■ **Your task**
The part below that opens with the line containing "3pcs Moonlit Witches" and closes with the line containing "Visit Proof |" should be copied exactly, minus any pictures.

■ **The data**
··········

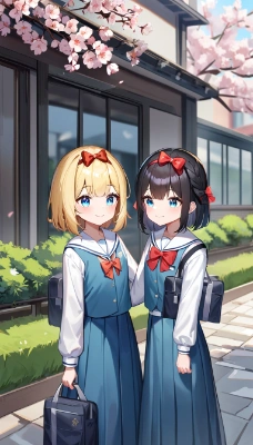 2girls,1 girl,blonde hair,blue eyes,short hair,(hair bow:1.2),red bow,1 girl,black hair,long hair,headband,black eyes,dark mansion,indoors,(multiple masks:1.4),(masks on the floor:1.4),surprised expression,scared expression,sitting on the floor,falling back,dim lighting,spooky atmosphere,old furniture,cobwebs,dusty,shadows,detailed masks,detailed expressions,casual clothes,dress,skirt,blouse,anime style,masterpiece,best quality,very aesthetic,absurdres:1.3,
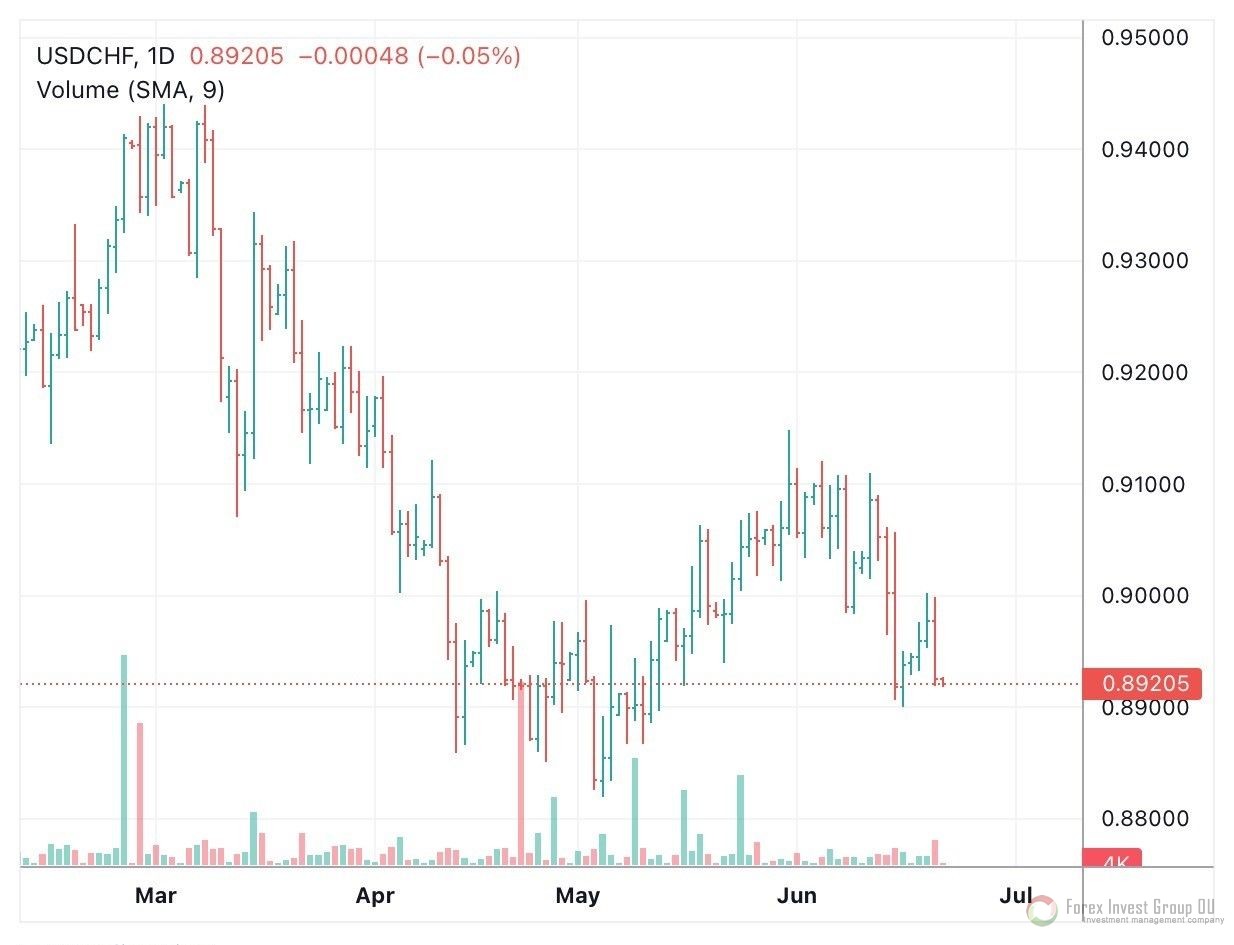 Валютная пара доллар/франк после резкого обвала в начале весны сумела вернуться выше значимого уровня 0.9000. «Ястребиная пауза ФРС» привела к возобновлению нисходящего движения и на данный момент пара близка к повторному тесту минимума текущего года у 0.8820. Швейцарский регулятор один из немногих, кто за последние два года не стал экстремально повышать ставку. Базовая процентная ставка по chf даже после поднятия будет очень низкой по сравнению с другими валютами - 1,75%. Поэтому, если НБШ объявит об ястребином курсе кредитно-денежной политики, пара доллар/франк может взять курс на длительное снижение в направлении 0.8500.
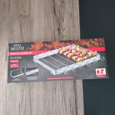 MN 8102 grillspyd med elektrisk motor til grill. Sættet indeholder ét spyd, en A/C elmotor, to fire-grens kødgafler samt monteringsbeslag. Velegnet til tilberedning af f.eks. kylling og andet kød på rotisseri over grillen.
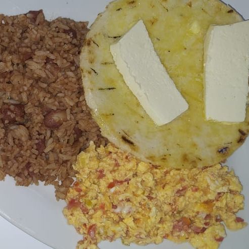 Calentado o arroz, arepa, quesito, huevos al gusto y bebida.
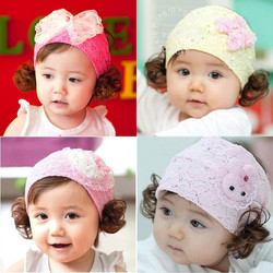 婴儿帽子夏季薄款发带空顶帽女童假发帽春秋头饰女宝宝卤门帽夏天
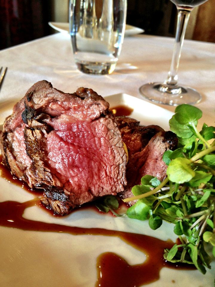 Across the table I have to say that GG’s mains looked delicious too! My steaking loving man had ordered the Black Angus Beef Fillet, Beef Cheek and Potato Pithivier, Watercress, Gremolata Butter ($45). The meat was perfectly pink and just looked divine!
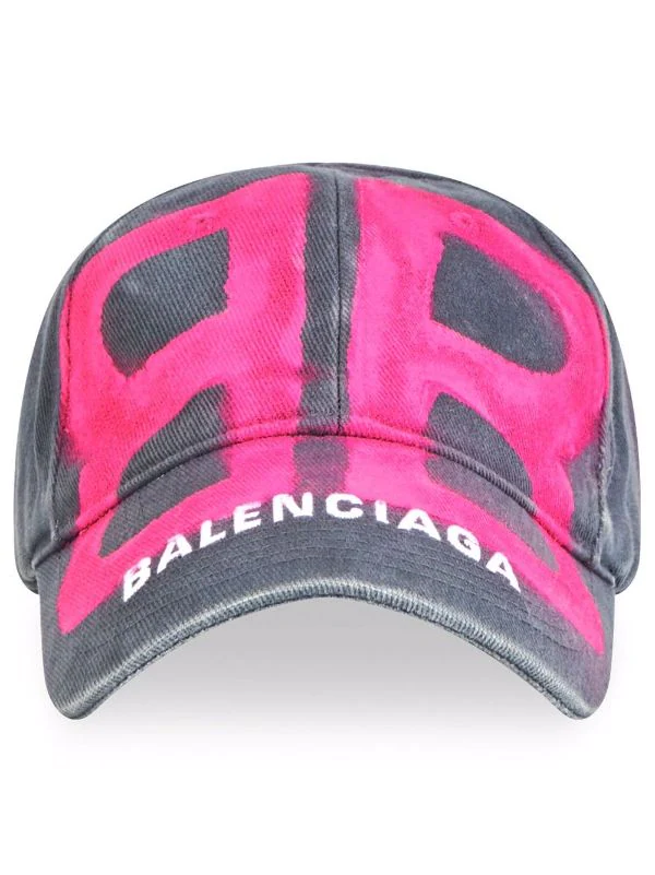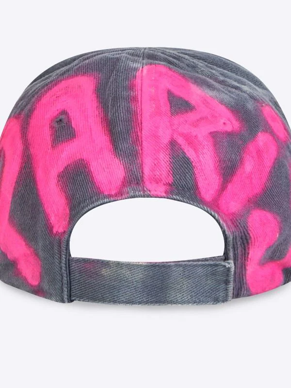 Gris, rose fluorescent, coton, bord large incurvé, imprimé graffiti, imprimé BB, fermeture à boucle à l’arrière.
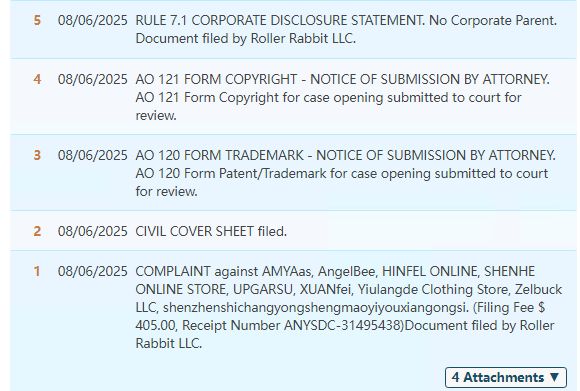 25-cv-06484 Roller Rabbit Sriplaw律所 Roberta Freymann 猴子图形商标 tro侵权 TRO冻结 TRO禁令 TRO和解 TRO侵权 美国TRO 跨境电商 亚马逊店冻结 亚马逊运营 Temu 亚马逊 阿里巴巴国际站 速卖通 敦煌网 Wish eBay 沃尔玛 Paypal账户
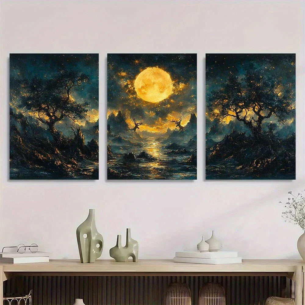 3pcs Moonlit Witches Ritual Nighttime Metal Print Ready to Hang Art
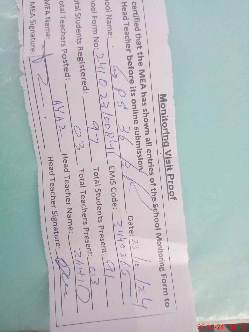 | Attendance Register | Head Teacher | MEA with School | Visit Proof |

··········

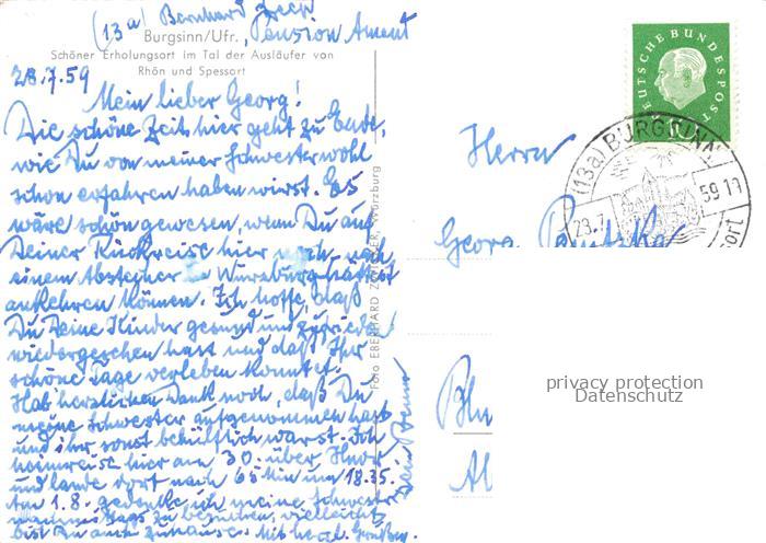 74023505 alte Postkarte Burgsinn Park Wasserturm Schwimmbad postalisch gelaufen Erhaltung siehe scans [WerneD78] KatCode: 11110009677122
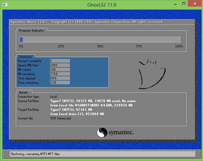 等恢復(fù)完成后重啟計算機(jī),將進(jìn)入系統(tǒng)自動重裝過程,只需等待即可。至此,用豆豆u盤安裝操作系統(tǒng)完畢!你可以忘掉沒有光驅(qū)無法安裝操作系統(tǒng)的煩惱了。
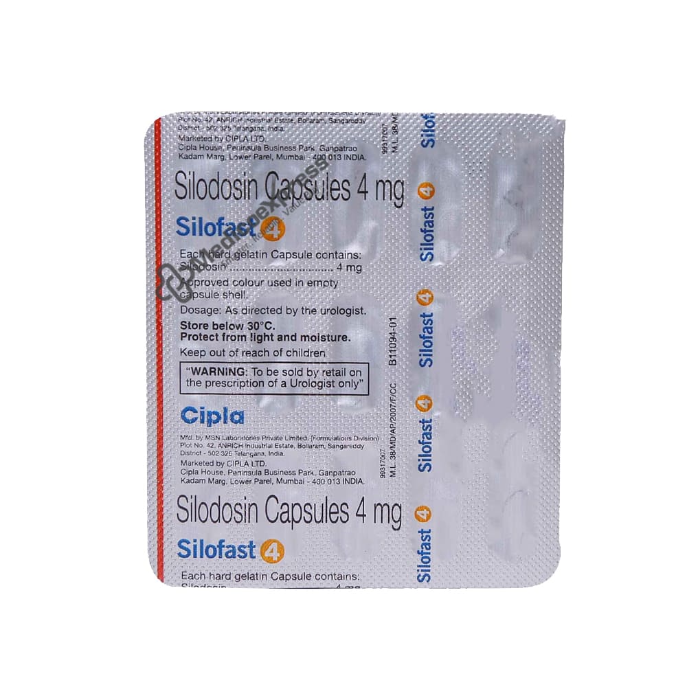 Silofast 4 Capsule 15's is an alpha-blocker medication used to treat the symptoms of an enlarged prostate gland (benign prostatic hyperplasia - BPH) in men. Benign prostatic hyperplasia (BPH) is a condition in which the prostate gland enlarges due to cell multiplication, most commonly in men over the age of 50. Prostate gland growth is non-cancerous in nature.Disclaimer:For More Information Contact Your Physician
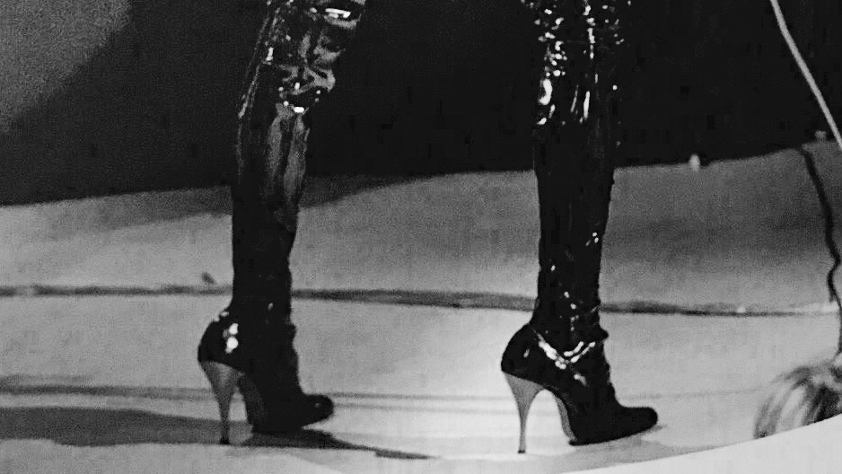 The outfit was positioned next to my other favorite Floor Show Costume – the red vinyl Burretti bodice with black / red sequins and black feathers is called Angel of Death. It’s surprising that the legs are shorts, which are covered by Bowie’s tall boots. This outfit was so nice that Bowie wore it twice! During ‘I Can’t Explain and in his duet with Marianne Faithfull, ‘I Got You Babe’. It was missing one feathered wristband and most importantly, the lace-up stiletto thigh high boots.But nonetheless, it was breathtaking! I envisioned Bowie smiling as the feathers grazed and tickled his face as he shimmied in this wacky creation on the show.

··········

■ **Output of the task**
 3pcs Moonlit Witches Ritual Nighttime Metal Print Ready to Hang Art
 | Attendance Register | Head Teacher | MEA with School | Visit Proof |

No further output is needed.